Advanced Google Hacking Techniques

• Google Dorks:
  • Use specific syntax to find sensitive information:
    • filetype: for file types, intitle: matches keywords in titles, inurl: for specific URLs, link: finds linked pages, etc.
• Google Hacking Database (GHDB):
  • Contains collections of Google Dorks for ethical hacking.

Web Services for Footprinting

• Tools for finding top-level domains (TLDs) and sub-domains include Netcraft, Sublist3r, and Assestfinder.
• ASN Lookup tools provide details on IP addresses and organizations.

Gathering Information from LinkedIn

• Dmitry:
  • Use dmitry -w for whois lookups or dmitry -s for sub-domain information.

DNS Footprinting

• DNS records provide essential network information, such as A (IPv4), AAAA (IPv6), MX (mail server), and NS (name server).
• DNS querying tools include Security Trails, Mxtoolbox, and DNSDumpster.

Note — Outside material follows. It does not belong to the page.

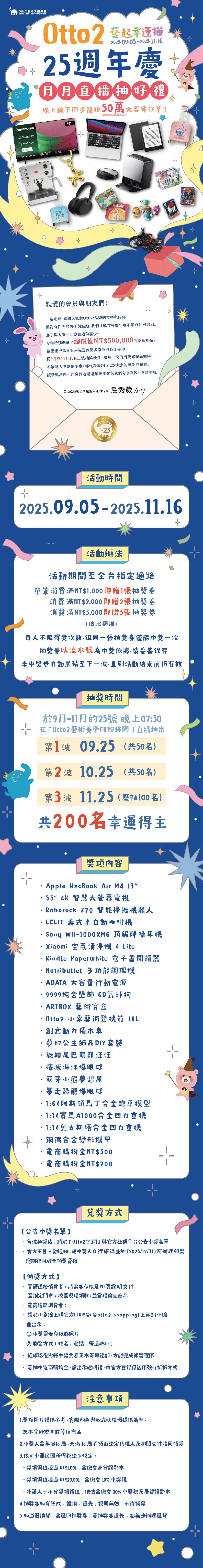 【藝起幸運抽】Otto2 25週年慶 月月直播抽好禮ღ

Social Engineering Techniques

• Eavesdropping: Intercepting unauthorized communication.
• Shoulder Surfing: Observing targets to collect sensitive information.
• Impersonation: Misleading individuals into revealing information by pretending to be someone else.

User Reconnaissance Tools

• UserRecon: Searches usernames across 75 social media platforms.
• Sherlock: Similar to UserRecon but more focused on username searches.
• TheHarvester: Collects information from public sources regarding email addresses and entities.

DNS Record Types

• A: Maps hostname to IPv4 address.
• CNAME: Maps an alias to an A record.
• MX: Lists mail servers.
• NS: Lists name servers.

IP Address Management Authorities

• ARIN: North America
• APNIC: Asia Pacific
• RIPE: Europe, Middle East
• LACNIC: Latin America
• AFRINIC: Africa

Tools for Network Footprinting

• Traceroute: Maps the path data takes to reach its destination; uses ICMP echo for Windows (tracert) and Linux (traceroute).
• OSRFramework: Utilizes open-source intelligence to gather data on targets.
• Maltego and Shodan: Capture extensive network-related information from connected devices.

DNS Security

• DNS Poisoning: Redirects requests to malicious servers.
• DNSSEC: Prevents DNS poisoning via encrypted records.

SOA Record Fields

• Contains information such as the source hostname, contact email, and serial numbers for zone file revisions.

Description

This quiz explores the concepts of footprinting and reconnaissance in information security. Learn about active and passive footprinting techniques, and discover various tools used for gathering data on target networks. Enhance your understanding of how these methods form the basis for potential cyberattacks.